Top CFOs explain their companies' approaches to rand hedging
To hedge or not to hedge? That is the question. Five CFOs unpack their reasoning.
The volatile rand is one of the most commonly listed external challenges facing South African CFOs.
“The rand volatility, where the currency moves in an unexpected fashion, is difficult to contend with,” says Jasco CFO Warren Prinsloo.
Former Imperial Holdings CFO Osman Arbee said that “The weak rand is a big issue, as we [Imperial Holdings at the time] import 75,000 vehicles every year and you cannot pass on a 25% increase to the customer.”
Sasol CFO Paul Victor (pictured) was faced with the challenge of the oil price bottomed out just as Sasol was facing a R2 billion overrun on the Lake Charles Chemical Cracker Project in the United State. His reaction has been to implement a cash conservation strategy and a rand hedging programme, while still keeping shareholders happy.
As a result of these types of challenges, in recent years, rand hedging has become more prevalent - but not all CFOs believe it’s the best way to mitigate risk.
Warren doesn’t much hold in hedging strategies, saying that:
“It doesn’t matter if you have a hedging strategy in place and if you regularly review this, our policy is not to speculate the rand. When the rand does something suddenly you could end up with a smile on your face or a frown.”
Read more: Interview: CFO Warren Prinsloo Jasco
Aspen CFO Sean Capazorio said the company has dedicated teams that monitor changes, ensure compliance and find areas of advantage. “We have rigorous hedging processes and a comprehensive treasury team that focuses on general forward cover. We have introduced constant currency reporting to remove the impact of forex volatility.”
Read more: 8 Questions for Aspen CFO Sean Capazorio
For Sasol, the company’s rand hedging programme was part of a broader financial strategy.

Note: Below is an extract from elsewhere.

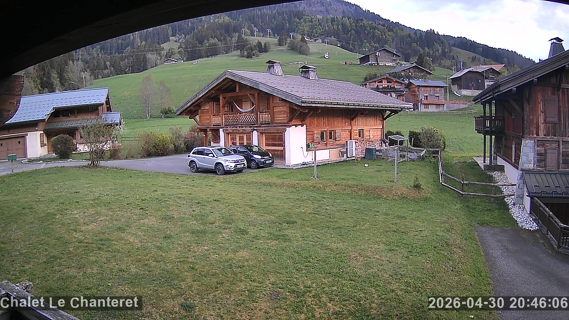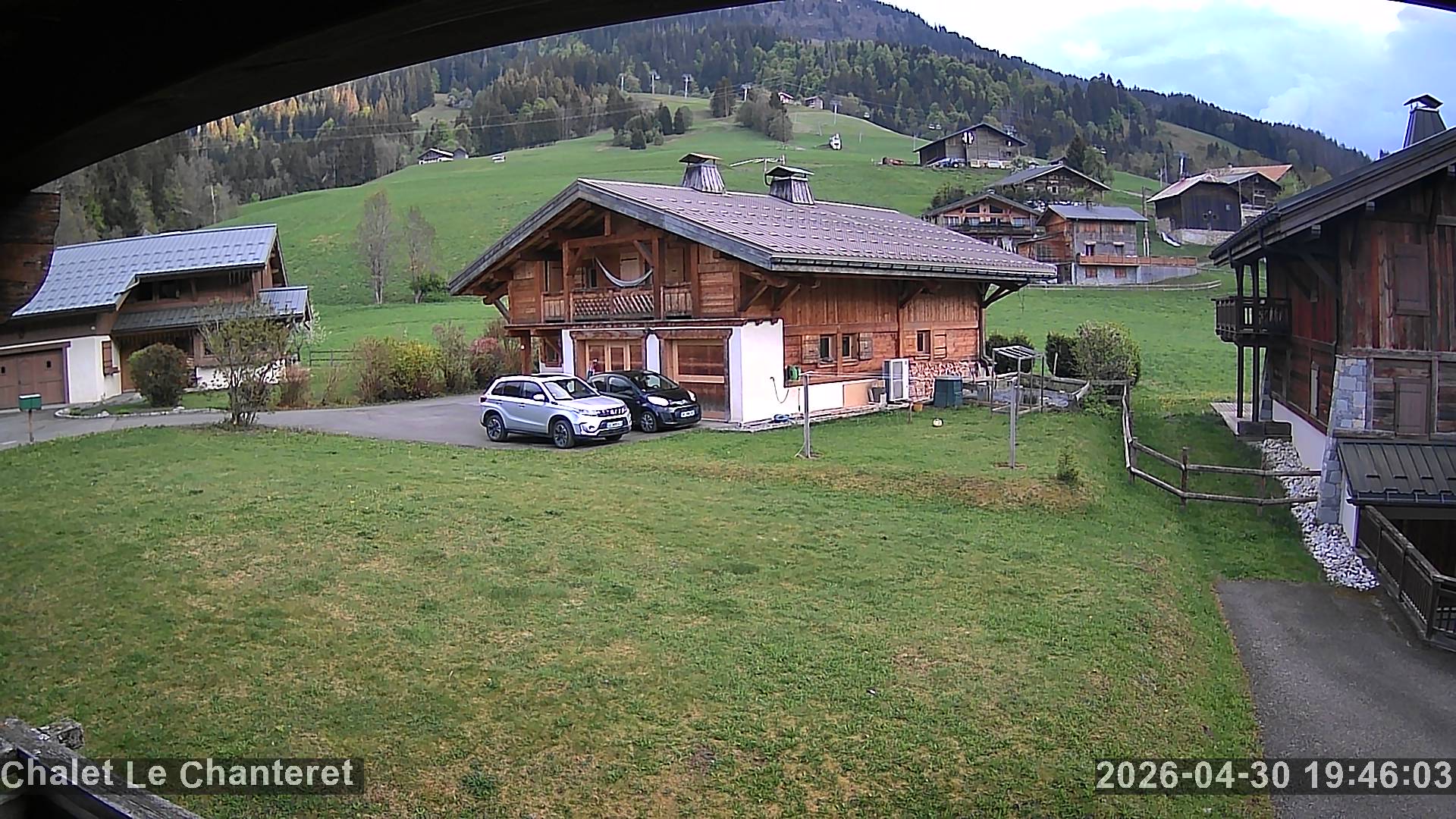 Hotel Griyotire has links to two great panoramas over Praz Sur Arly, looking down from Les Varins on the lower ski slopes overlooking the town – one taken in winter and one in summer. The marker in the thumbnail below indicates the position where Chalet Chanteret has been built.

“Oil prices were low, we had to deal with a $2 billion overrun on our Lake Charles Chemical Cracker Project in the United States. It was essential for us to further look at business opportunities and financial risk mitigation measures to keep the balance sheet in good health as well as progressing our Lake Charles project. Being a rand-hedged stock results in shareholders sometimes not preferring an extensive hedging programme, but we had to mindfully look at all relevant business solutions to protect the balance sheet against market volatilities and keep cash flowing in the organisation,” said Paul.
“If you don’t do things the right way, you can expose the company to unnecessary risk and with that lose trust with shareholders and stakeholders. We implemented a very focused cash conservation programme and with regards to managing our financial risk we basically started from scratch in building a robust hedging programme which we believed effectively protected the balance sheet, thereby ensuring a sustainable operating cash flow to complete the Lake Charles capital programme and keep paying dividends to all our shareholders.”
The chemical and energy company’s reaction to prevailing market forces saved it from the worst outcomes.
“Our hedging programme was implemented in a prudent, transparent and thoughtful manner. We’re currently dealing with 23 global banks in executing the programme. At first, shareholder buy-in was not easy. A rand-dollar exchange rate hedge for example was new to our shareholders, and we had to be respectful to their views but needed to change their mindset that our aim was to protect the balance sheet. Our board needed to ensure that balance sheet protection was a core focus and played a significant oversight role with regards to the hedging policy formulation and in setting clear mandates within which we executed the programme. In times like this, a board's effective oversight is absolutely invaluable to management and shareholders.”
While Imperial has always had an established forex treasury function, it has set up a formal FX committee that looks at the group’s FX exposures and, based on this, implements appropriate hedging and forward cover strategies to mitigate FX risk, says Mohammed Akoojee, Imperial Holdings CEO (CFO at the time of interview).
“This was set up to reinforce our focus on forex, given the volatility of the rand,” he explains.
How Imperial presents itself to the market is another key focus area, says Mohammed, as this must be done in such a way that the company’s business is easily understood, and the correct valuation for its logistics and motor divisions – two self-sustaining businesses – is easily apparent.